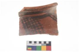 | Description / विवरण | Specimen of potsherd with black decorative geometric Net pattern painting . |
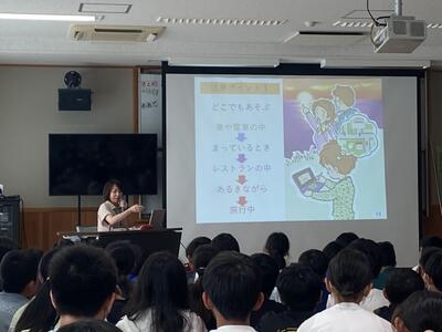 紹介動画が流れると、「昇降口に掲示されている人だ!」や「前に大北にいらっしゃった先生だ!」のような児童の反応がありました!
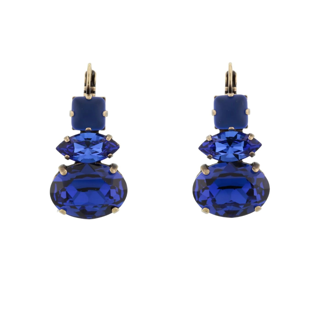 Clustdlysau efydd cain gyda strass Swarovski a cherrig gwydr llyfn.
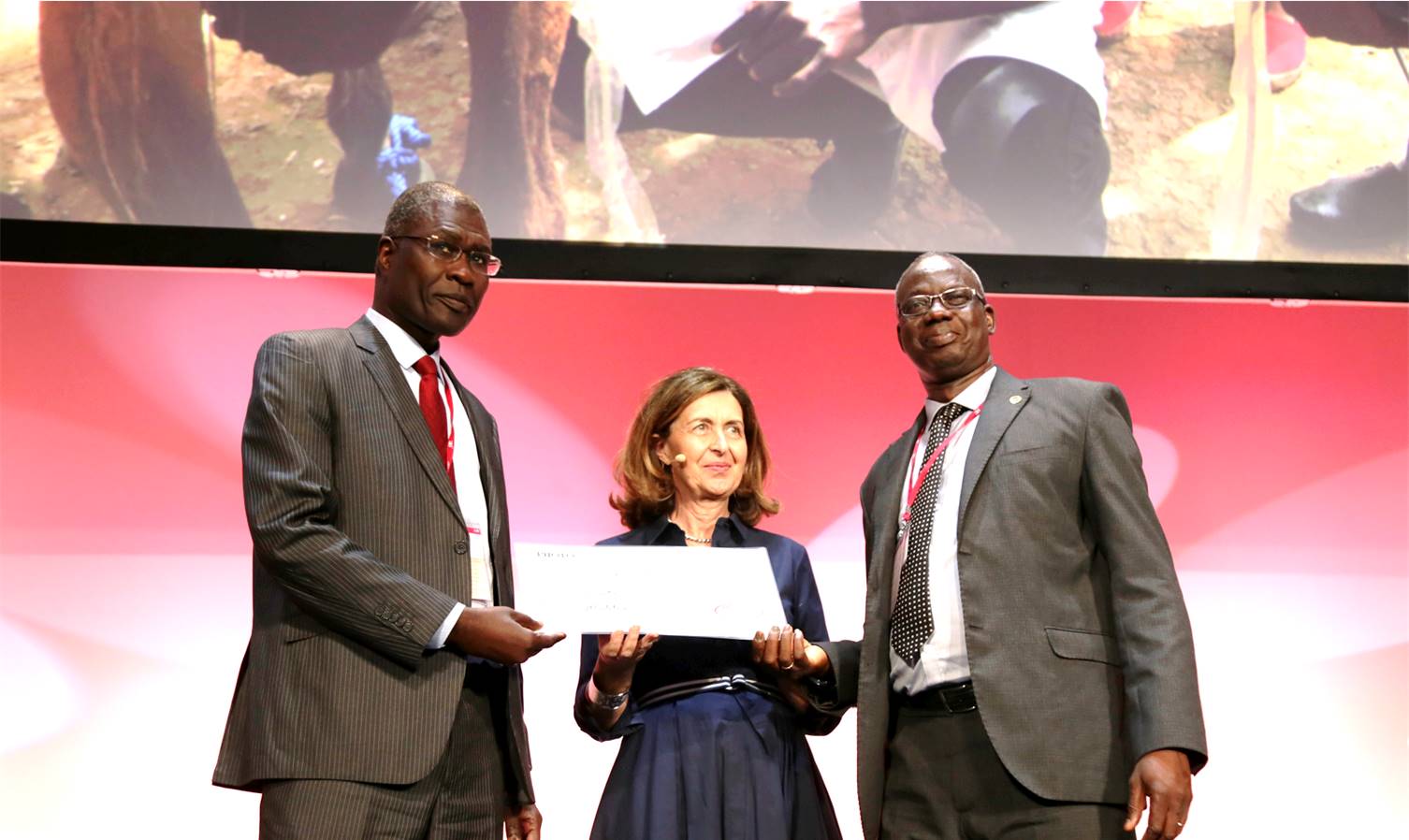 The OIE Delegates of Senegal (left) and Burkina Faso (right) receive the prize money on behalf of the winner of the regional OIE photo competition, Mr. Boris Ouattara of the Inter-State School of Veterinary Sciences and Medicine (EISMV) in Dakar, Senegal.
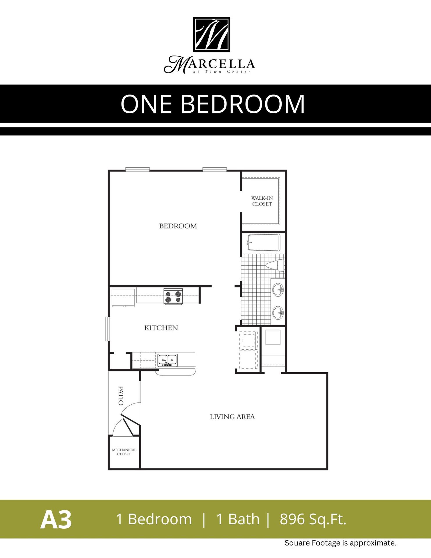 A3 | 1 Bed 1 Bath | 896 sf | $1574-$1889 | 6 to 15 month lease terms
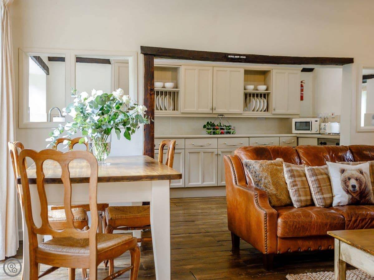 This is Orchard Barn in Oxenpill, near Glastonbury. It's a single-storey barn we converted, so no stairs at all. It's in our garden, but you can't see our house from it. It feels pretty private.
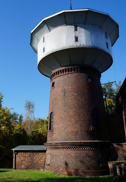Spoglądając przez okna hali można zauważyć górującą nad nią wieżę wodną. Budowano ją w latach 1906-1907, czyli równolegle z pierwszymi czterema stanowiskami szopy. W tym czasie była budowlą wolnostojącą z niezależnym, usytuowanym od północnej strony wejściem.
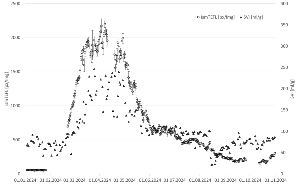 Diese Frühwarnfunktion kann von großem Wert sein, gerade wenn die Zugabe der Fällmittel genau auf den Anstieg der Fadenbakterien angepasst wird. Die von uns dazu durchgeführte Fallstudie finden Sie HIER.
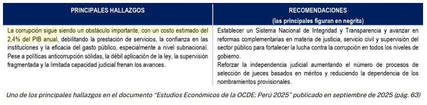La Organización para la Cooperación y el Desarrollo Económico (OCDE) estima que la corrupción y la inconducta funcional representan un costo anual equivalente al 2.4% del PBI del Perú, lo que impacta la calidad de los servicios públicos y la infraestructura.

####

_EXERCISE_:
Within the entries above, the lines from the one with "Spoglądając przez okna" through the final line are to be printed exactly, with the pictures removed.

_YOUR SOLUTION_:
Spoglądając przez okna hali można zauważyć górującą nad nią wieżę wodną. Budowano ją w latach 1906-1907, czyli równolegle z pierwszymi czterema stanowiskami szopy. W tym czasie była budowlą wolnostojącą z niezależnym, usytuowanym od północnej strony wejściem.
 Diese Frühwarnfunktion kann von großem Wert sein, gerade wenn die Zugabe der Fällmittel genau auf den Anstieg der Fadenbakterien angepasst wird. Die von uns dazu durchgeführte Fallstudie finden Sie HIER.
La Organización para la Cooperación y el Desarrollo Económico (OCDE) estima que la corrupción y la inconducta funcional representan un costo anual equivalente al 2.4% del PBI del Perú, lo que impacta la calidad de los servicios públicos y la infraestructura.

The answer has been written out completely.